The rest of Sunday's events fell into place, though. At 11:30 in the student union's Gallagher Theatre another three-man panel was held, "Authors and the Making of the West" in which starred Jeffrey Guinn (who was here last year), Michael Hiltzik and Stephen Fried, author of the very enjoyable social history "Appetite for America" and the Fred Harvey empire of the late 19th century. These three men, all dressed in black, had good chemistry, with Guinn being his happy self again and Fried playing along. I should read Guinn's latest book on Tombstone, although he says his book will debunk a lot of myths that have made Tombstone the Town too Tough to Die.

But again, after the one hour talk, I moved on to the next event, the UA tent hosting Prof Annette Gooden-Reed, author of "The Hemingses of Monticello" and her more recent work on Andrew Johnson. She was my first solo female author during this event, and unfortunately the Arizona Daily Star managing editor who introduced her not only called her "Annette Benning" but also referred to her book as a biography on Thomas Jefferson. How embarrassing! And then later an elderly gentleman asked her at the end how did she become so successful and I could feel the shock from the audience. Gooden-Reed is a Black, educated woman and that apparently still strikes many of the really old generation still. She looked offended, too.

a one-on-one discussion hosted by Paul Hutton and TJ Stiles, Pulitzer Prize winner for his "The First Tycoon: The Epic Life of Cornelius Vanderbilt." Stiles had a lot of respect for Vanderbilt, but he was a man "with a lot of practicality but short on sophistication." It's a book that's on my must-read list, a list that keeps getting longer.

The final event was a last-minute change for me, as I opted to listen to three authors jammed into one full hour: Ben Clevenger, Deni Seymour (an archeology professor I met a few years ago digging near the San Pedro River) and Jacqueline Soule. The topic was Father Kino's influence in this area. (Kino's 300-year-death anniversary will be March 15th). This last hour was jammed packed in a small room and overran its schedule, but with three authors that is likely to happen.

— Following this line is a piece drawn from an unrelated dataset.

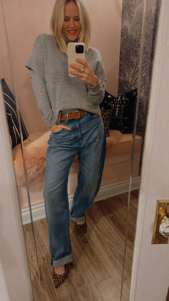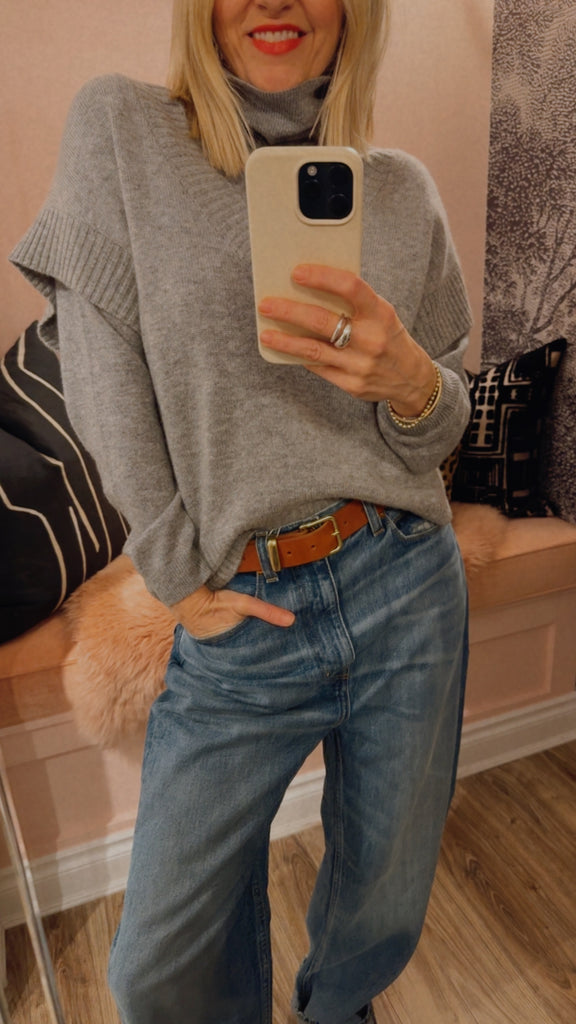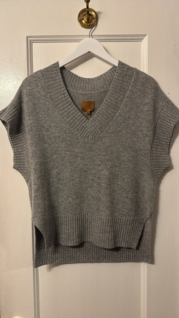 A boxy V neck sweater vest that can be worn on it's own or paired back to coordinating cashmere basics for that layered look with a 70's feel.

And that is how this year's events went. Perhaps the familiarity of it all lessened the enthusiasm, perhaps the many last-minute changes by the festival staff did it in, too. The staff says this was a record-breaking crowd; I didn't quite feel it was this time. I felt it was a bit less than last year's. And even though the focus is on literacy, authors and books, some of the vendor's missions didn't seem to connect to that theme. What does the group "Muslims for Peace" or "America's love for violence" have to do with literacy, authors and books?

Some of the sponsors for this event were big-dollar corporations: Wells Fargo, Cox Cable, Tucson Medical Center. Some of the hosts had to make sure they mentioned their sponsor at the start of each event. The Vice President for Cox, Laura Lavallo, was dressed as if she was ready for a beach party, while the authors were suited up in their best casual attire.

I ate dinner off Euclid again, this time choosing a Mexican diner, before tanking up for $3.23 (!) on Speedway and driving home. It was a very anti climatic drive back.

I will be back again next year, though. I still enjoyed this event and got to meet some wonderful authors all in their prime, but what I wish
there was more time for was really getting to talk one-on-one with the authors.

Weather again this weekend was beautiful, hitting the 80s during the day and mid 50s during the night.

I got back home around 9pm to three very happy dogs. I didn't walk them, though and stayed in, reading the news of the massive 9. earth quake that rocked Japan Thursday. Three nuclear plants have been damaged by this quake, and three reactors from one plant off Fusimaka have now exploded, releasing radiation. I'm expecting the death toll from this horrific disaster to top the 10,000 mark. Bodies keep coming ashore from the tides and the official death rate is now 2400.